Activity
Where the records below reach the line containing "Flamingo Boxelder foliage", start transcribing, and end with the line containing "6. Clergy among guests at the opening.", exactly and with nothing else added.
== Records supplied
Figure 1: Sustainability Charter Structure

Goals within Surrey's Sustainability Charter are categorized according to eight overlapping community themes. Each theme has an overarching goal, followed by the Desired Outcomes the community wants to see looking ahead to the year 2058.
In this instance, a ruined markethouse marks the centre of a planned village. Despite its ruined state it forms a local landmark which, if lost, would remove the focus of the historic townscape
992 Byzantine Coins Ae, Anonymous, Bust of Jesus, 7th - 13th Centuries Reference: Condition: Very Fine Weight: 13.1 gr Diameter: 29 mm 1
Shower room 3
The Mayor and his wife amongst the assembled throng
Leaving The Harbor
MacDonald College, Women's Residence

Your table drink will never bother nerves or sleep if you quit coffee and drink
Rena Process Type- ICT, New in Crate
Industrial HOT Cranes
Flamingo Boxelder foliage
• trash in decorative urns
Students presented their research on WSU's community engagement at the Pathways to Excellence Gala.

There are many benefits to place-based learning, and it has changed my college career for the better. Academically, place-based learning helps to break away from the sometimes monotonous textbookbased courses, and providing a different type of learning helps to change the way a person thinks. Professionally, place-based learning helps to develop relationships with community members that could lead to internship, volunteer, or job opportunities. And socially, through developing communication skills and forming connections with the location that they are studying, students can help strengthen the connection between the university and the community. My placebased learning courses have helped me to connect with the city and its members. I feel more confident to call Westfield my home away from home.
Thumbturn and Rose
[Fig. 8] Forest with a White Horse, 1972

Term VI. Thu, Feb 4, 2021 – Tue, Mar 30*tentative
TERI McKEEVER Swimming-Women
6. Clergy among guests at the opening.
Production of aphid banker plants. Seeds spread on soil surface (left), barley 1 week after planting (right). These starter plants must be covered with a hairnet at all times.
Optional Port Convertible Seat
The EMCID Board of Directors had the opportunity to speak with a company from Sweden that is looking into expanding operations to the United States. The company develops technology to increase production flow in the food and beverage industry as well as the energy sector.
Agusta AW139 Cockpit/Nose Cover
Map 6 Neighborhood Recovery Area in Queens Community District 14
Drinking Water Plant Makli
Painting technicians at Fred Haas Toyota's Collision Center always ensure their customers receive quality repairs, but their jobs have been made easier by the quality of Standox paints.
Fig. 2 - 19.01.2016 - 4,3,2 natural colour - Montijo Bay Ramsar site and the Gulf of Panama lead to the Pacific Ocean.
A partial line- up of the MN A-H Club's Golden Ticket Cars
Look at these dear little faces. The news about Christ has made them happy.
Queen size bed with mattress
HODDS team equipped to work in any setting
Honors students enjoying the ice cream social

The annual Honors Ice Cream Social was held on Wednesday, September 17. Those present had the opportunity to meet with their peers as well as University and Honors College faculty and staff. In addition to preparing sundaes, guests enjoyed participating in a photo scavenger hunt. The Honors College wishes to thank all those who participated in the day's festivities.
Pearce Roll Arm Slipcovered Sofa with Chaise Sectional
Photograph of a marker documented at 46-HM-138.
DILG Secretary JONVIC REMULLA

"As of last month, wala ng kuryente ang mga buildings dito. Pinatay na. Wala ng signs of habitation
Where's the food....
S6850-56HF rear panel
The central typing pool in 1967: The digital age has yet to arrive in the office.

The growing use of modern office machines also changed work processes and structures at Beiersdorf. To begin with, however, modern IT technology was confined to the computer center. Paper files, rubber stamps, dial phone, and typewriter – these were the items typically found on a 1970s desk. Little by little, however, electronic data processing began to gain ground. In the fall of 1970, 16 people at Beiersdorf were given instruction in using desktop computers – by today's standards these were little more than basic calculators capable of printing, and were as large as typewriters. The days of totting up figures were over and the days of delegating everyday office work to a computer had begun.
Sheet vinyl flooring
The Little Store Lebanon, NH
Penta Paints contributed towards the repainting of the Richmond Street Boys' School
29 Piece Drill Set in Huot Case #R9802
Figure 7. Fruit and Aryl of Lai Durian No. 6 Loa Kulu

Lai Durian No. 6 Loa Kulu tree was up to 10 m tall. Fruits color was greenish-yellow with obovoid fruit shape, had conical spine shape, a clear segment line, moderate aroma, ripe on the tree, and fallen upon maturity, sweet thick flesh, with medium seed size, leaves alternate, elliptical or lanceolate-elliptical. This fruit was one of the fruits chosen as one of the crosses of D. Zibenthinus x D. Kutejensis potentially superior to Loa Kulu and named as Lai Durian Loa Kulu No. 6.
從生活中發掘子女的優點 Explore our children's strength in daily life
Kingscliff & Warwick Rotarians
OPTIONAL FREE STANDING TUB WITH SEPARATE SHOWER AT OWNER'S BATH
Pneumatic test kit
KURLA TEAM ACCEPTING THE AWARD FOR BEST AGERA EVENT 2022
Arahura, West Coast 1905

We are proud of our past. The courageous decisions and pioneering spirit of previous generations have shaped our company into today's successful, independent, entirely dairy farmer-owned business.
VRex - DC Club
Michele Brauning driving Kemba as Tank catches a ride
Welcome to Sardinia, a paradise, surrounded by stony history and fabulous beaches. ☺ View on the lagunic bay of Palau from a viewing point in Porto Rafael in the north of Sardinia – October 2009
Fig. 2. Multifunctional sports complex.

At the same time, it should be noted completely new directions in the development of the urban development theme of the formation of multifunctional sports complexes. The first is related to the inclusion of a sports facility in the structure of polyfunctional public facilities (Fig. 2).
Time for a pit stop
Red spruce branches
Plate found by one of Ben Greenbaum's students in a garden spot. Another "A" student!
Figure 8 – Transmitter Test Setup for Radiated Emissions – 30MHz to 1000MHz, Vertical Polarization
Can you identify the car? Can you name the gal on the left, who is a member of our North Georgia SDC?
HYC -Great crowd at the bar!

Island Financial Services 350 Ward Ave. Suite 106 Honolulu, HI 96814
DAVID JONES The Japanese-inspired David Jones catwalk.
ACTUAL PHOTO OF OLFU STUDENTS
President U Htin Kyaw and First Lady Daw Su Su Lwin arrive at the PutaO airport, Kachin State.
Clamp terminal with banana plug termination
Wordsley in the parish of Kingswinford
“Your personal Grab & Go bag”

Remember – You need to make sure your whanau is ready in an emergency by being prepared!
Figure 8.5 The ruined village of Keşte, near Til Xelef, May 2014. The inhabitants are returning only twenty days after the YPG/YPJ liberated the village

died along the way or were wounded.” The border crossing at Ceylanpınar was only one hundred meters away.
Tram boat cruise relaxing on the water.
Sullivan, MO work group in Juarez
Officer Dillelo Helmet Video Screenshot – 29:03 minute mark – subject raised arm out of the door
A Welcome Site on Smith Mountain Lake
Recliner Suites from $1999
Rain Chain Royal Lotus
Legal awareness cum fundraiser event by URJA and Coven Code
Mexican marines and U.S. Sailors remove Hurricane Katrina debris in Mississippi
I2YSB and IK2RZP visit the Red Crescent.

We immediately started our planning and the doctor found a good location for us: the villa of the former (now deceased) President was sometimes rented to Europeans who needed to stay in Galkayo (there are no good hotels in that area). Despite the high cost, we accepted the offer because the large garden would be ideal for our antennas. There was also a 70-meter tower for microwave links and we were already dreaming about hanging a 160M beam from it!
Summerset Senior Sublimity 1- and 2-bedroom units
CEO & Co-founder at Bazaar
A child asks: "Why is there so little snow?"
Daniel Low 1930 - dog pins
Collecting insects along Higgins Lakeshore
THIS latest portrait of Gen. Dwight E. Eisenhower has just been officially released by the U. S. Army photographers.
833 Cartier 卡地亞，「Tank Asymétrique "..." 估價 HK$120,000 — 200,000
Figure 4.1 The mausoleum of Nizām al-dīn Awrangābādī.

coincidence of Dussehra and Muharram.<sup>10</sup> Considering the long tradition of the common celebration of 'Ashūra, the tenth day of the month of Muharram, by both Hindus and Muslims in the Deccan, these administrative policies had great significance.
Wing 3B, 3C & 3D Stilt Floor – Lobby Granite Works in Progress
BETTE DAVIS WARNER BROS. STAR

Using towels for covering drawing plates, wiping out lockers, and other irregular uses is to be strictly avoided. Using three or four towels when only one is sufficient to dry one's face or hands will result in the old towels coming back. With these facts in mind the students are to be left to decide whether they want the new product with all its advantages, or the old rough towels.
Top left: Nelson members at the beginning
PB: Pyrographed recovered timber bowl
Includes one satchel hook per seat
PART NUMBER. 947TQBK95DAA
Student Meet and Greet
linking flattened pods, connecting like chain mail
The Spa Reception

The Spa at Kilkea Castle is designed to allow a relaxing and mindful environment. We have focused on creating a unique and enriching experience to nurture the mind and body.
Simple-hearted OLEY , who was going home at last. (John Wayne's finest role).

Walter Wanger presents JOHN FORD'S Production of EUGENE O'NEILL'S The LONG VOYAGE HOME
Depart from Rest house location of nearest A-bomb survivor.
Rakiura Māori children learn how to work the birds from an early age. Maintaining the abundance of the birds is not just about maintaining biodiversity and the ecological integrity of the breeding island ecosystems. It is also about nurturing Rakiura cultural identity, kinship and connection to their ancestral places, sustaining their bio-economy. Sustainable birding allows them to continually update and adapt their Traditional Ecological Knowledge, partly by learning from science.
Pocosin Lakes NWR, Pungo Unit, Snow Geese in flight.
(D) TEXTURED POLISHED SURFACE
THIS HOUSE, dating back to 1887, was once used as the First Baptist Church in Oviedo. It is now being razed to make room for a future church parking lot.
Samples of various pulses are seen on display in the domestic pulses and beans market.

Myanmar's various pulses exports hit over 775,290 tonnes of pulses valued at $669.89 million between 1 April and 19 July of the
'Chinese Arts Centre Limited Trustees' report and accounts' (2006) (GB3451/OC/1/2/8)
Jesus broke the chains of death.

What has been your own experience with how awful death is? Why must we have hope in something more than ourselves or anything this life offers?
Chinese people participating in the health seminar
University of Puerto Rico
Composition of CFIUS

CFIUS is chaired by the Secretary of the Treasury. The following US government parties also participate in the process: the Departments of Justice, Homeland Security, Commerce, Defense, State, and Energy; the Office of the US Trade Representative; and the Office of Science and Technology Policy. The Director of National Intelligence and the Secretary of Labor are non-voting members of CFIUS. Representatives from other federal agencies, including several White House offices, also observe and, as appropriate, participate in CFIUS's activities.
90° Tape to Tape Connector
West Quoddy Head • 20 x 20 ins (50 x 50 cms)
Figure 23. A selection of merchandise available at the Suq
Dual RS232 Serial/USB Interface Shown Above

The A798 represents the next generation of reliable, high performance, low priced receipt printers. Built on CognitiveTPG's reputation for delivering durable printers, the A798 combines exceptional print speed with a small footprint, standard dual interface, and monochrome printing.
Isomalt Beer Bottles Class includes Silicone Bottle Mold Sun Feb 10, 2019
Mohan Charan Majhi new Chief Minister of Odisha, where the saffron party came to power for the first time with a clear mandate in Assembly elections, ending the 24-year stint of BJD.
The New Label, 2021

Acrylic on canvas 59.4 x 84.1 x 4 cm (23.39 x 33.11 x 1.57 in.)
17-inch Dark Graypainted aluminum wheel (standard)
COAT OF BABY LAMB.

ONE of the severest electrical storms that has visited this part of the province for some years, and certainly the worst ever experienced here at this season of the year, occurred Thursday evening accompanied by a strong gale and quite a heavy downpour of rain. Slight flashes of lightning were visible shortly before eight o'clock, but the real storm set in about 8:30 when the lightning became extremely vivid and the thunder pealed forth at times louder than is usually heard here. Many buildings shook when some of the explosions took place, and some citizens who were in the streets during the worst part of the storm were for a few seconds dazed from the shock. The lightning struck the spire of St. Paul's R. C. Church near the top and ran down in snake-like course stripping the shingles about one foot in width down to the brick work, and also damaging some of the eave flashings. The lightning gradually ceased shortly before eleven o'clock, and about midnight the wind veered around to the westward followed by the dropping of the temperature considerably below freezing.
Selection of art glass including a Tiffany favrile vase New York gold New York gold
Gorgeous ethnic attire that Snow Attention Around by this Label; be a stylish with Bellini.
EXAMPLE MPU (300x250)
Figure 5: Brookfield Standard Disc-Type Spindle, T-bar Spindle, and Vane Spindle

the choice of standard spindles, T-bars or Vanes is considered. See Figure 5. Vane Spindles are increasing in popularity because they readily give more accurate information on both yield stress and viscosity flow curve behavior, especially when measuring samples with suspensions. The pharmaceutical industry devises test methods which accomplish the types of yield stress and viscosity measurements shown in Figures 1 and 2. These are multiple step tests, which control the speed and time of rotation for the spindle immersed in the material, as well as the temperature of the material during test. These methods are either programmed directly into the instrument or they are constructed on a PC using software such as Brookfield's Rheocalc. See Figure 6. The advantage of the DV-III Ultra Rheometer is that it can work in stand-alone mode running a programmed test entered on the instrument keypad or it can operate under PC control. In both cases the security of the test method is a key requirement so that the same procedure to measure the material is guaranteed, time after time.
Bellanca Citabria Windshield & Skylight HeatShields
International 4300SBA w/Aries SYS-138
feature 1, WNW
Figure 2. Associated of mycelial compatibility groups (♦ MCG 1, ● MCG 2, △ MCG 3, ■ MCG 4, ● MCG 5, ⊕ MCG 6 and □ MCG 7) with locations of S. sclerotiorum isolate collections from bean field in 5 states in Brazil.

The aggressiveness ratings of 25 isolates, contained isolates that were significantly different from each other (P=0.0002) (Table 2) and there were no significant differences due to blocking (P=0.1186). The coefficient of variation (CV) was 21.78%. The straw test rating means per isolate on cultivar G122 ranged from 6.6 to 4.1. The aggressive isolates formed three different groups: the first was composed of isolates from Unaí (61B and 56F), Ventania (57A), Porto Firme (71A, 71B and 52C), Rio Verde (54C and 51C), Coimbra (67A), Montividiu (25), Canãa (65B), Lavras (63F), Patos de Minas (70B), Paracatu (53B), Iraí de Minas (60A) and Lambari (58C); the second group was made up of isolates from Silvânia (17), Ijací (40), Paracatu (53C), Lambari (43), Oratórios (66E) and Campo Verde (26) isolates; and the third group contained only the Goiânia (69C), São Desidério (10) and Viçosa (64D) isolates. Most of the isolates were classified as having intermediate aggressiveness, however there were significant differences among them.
====
Reply
Flamingo Boxelder foliage
• trash in decorative urns
Students presented their research on WSU's community engagement at the Pathways to Excellence Gala.

There are many benefits to place-based learning, and it has changed my college career for the better. Academically, place-based learning helps to break away from the sometimes monotonous textbookbased courses, and providing a different type of learning helps to change the way a person thinks. Professionally, place-based learning helps to develop relationships with community members that could lead to internship, volunteer, or job opportunities. And socially, through developing communication skills and forming connections with the location that they are studying, students can help strengthen the connection between the university and the community. My placebased learning courses have helped me to connect with the city and its members. I feel more confident to call Westfield my home away from home.
Thumbturn and Rose
[Fig. 8] Forest with a White Horse, 1972

Term VI. Thu, Feb 4, 2021 – Tue, Mar 30*tentative
TERI McKEEVER Swimming-Women
6. Clergy among guests at the opening.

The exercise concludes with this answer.